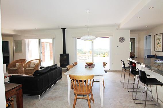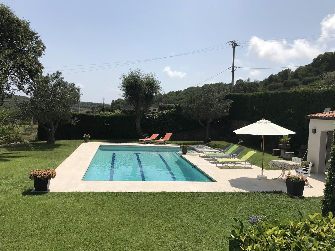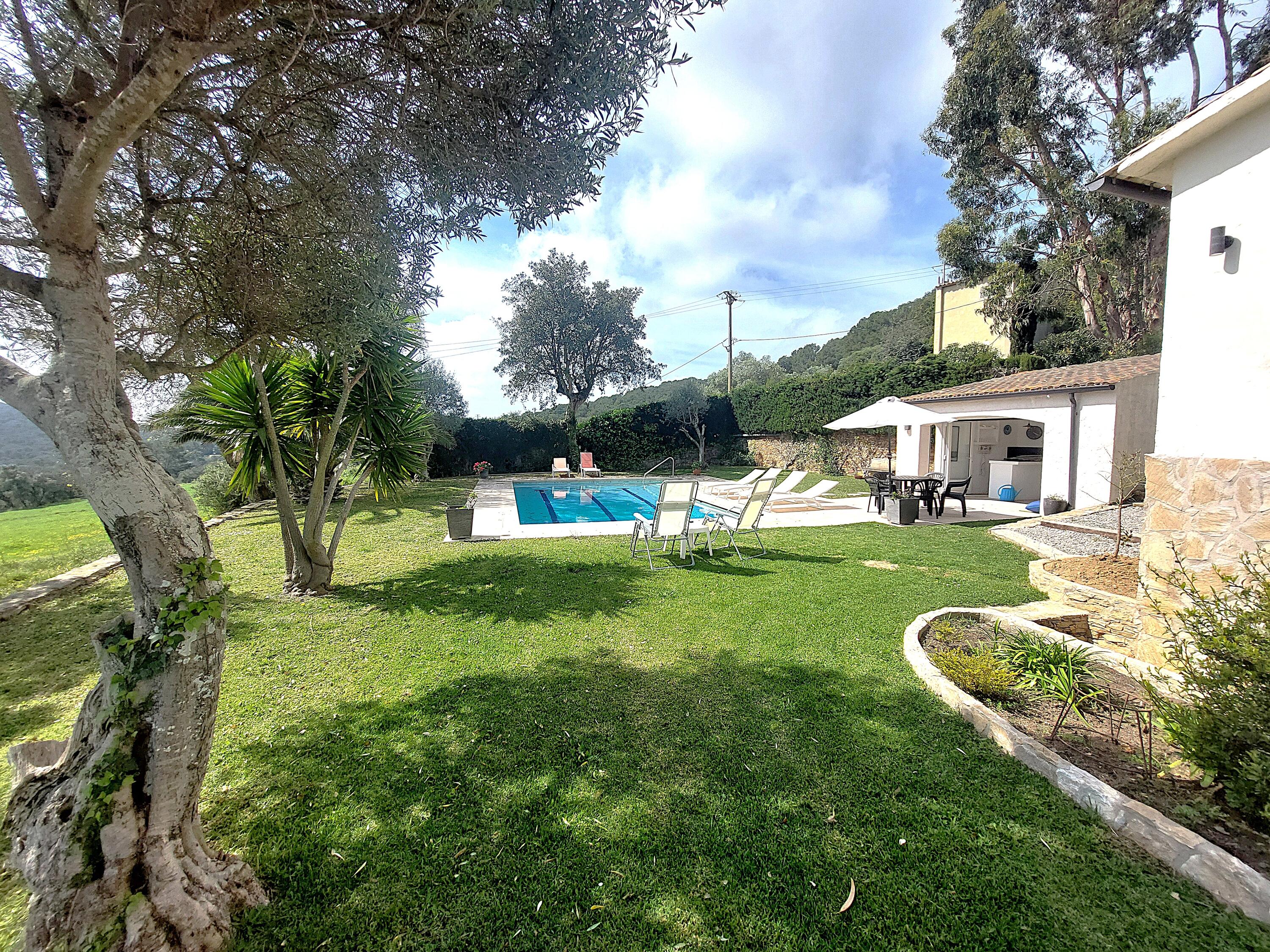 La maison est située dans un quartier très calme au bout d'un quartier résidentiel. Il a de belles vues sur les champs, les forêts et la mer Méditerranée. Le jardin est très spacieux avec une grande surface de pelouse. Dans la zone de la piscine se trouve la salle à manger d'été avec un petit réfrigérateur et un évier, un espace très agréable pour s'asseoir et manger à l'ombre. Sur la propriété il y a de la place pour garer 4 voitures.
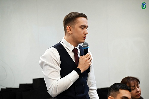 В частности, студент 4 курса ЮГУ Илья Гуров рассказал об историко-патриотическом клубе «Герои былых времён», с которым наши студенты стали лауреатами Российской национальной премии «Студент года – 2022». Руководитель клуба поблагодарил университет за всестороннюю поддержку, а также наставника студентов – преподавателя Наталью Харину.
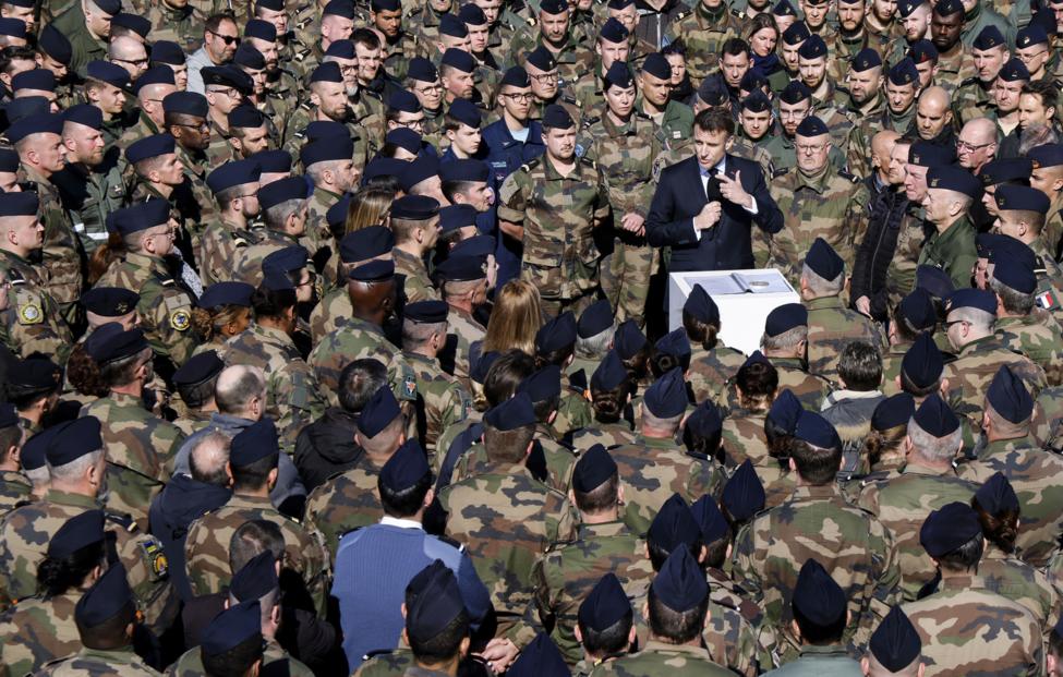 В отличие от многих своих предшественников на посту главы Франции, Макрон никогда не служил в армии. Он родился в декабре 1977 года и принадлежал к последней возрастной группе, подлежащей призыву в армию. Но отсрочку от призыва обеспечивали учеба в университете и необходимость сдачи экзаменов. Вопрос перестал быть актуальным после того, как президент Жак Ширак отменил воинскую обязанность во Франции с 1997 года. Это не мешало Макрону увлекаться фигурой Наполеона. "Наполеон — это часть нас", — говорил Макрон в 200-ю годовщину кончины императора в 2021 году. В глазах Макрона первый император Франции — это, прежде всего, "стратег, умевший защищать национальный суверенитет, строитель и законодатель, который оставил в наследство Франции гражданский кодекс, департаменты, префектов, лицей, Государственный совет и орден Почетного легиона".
○ ○ ○
◆ **Instructions for the task**
Repeat the material above in full and exactly, omitting the pictures.

◆ **Expected answer**
 La maison est située dans un quartier très calme au bout d'un quartier résidentiel. Il a de belles vues sur les champs, les forêts et la mer Méditerranée. Le jardin est très spacieux avec une grande surface de pelouse. Dans la zone de la piscine se trouve la salle à manger d'été avec un petit réfrigérateur et un évier, un espace très agréable pour s'asseoir et manger à l'ombre. Sur la propriété il y a de la place pour garer 4 voitures.
 В частности, студент 4 курса ЮГУ Илья Гуров рассказал об историко-патриотическом клубе «Герои былых времён», с которым наши студенты стали лауреатами Российской национальной премии «Студент года – 2022». Руководитель клуба поблагодарил университет за всестороннюю поддержку, а также наставника студентов – преподавателя Наталью Харину.
 В отличие от многих своих предшественников на посту главы Франции, Макрон никогда не служил в армии. Он родился в декабре 1977 года и принадлежал к последней возрастной группе, подлежащей призыву в армию. Но отсрочку от призыва обеспечивали учеба в университете и необходимость сдачи экзаменов. Вопрос перестал быть актуальным после того, как президент Жак Ширак отменил воинскую обязанность во Франции с 1997 года. Это не мешало Макрону увлекаться фигурой Наполеона. "Наполеон — это часть нас", — говорил Макрон в 200-ю годовщину кончины императора в 2021 году. В глазах Макрона первый император Франции — это, прежде всего, "стратег, умевший защищать национальный суверенитет, строитель и законодатель, который оставил в наследство Франции гражданский кодекс, департаменты, префектов, лицей, Государственный совет и орден Почетного легиона".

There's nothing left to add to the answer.